Ed whooped with glee before answering me in his thick Bronx accent. “Three songs going top ten on Billboard charts from a debut album means you’ve hit a fucking homerun. That baby is out the park, into the sky and halfway to the moon by now. You wanna know what that means, Rand? It means you’re gonna go buy yourself a bottle of Cristal on me and go celebrate ’cause the real show is about to begin.”
The strains of a piano floated through the condo when I opened the door twenty minutes later. I wasn’t sure Will would still be home, but my luck held. He was dressed in light blue pajama bottoms and one of my old Orioles T-shirts. He had a somewhat tragic case of bedhead, but fuck me, I thought he looked sexier than ever. I couldn’t figure out what it was about this guy that had me in knots. I couldn’t breathe around him sometimes. He was so damn beautiful to me. His soulful smile and calm demeanor kept me grounded in the best possible ways. I had a tendency to fly without checking my safety gear, but Will was always a step ahead of me.
I tiptoed toward him, standing just out of his vision. I watched his reflection in the windows as he leaned into his instrument with his eyes closed. His brown hair fell into his eyes. I itched to move the strands aside and kiss him. I caught my own reflection and grinned at the picture we made. My longish hair, dark jeans and the leather jacket that hid my inked arms screamed rock and roll. Or maybe “get a job”. I didn’t look like the kind of guy Will would fall for any more than he looked like my type. We were a mystery in many ways. But not in the ways that counted.
“You know I can see you, right?”
I chuckled softly before moving to stand behind him.

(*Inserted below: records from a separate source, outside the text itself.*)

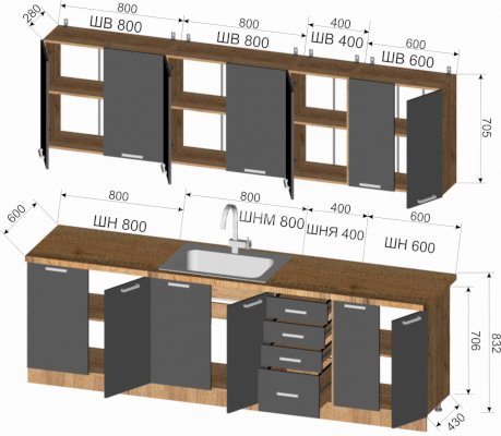 Шкаф нижний (с ящиками): 400х830х450 мм
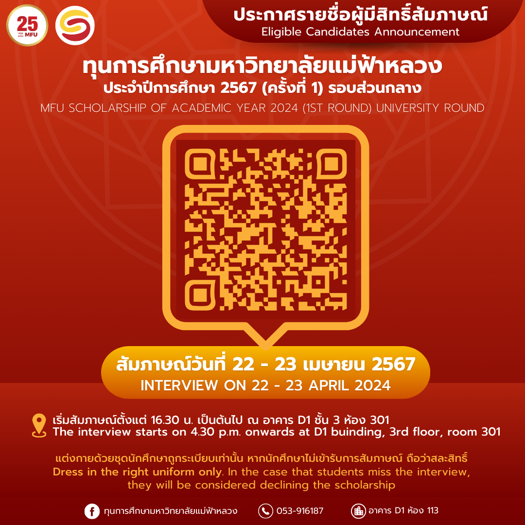 Eligible candidates announcement for MFU scholarship of academic year 2024 (1st round) University round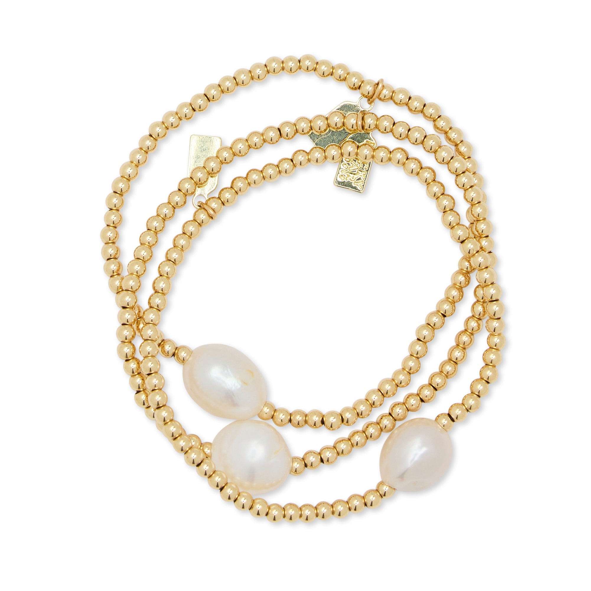 Natural pearl paired with 14k gold filled beads / one size fits all / stretch. These beauties are sold individually and are designed to stack. 14kt Gold-filled beads with genuine pearl accent. Pairs with our coco beaded bracelet.

He leaned back into my touch as I massaged his shoulders. I bent to nuzzle his chin, slipping one hand under his tee and resting the other to cup his semi-hard dick. Yeah, it was good to know I wasn’t alone in this, I mused as I pushed the elastic out of the way to palm him. He stopped playing and groaned, lifting his hips slightly as I curled my fingers around his girth.
“Baby, I need you. Bed. Now.” I unbuckled my belt and fumbled with my zipper. “I need to be inside you and—”
“We can’t,” he whispered. He stilled my roving hand and swallowed hard, before gesturing toward the kitchen.
I furrowed my brow and stroked a little harder. A haze of lust and longing made it difficult for me to see straight now. I must have misheard him. “Yes, we can. I wanna fuck you, Will. I need—”
“If you don’t stop, I’m going to faint. Which would probably work for you two. You can stay right where you are and do the nasty while I lay here completely oblivious. If I’m lucky, I’ll come to in time to catch the end of the show.”
I spun around to confront the intruder sitting on a barstool at the kitchen island.
“Benny! Jesus, you almost gave me a fuck heart attack! What the hell are you doing here?”
“I’m hanging out with my best friend, William, who was about to get dressed and come fabric shopping with me.” He slid off the stool and sauntered toward us, brushing his blue tinged bangs aside in a curiously elegant manner. “Somehow I think he just got a better offer.”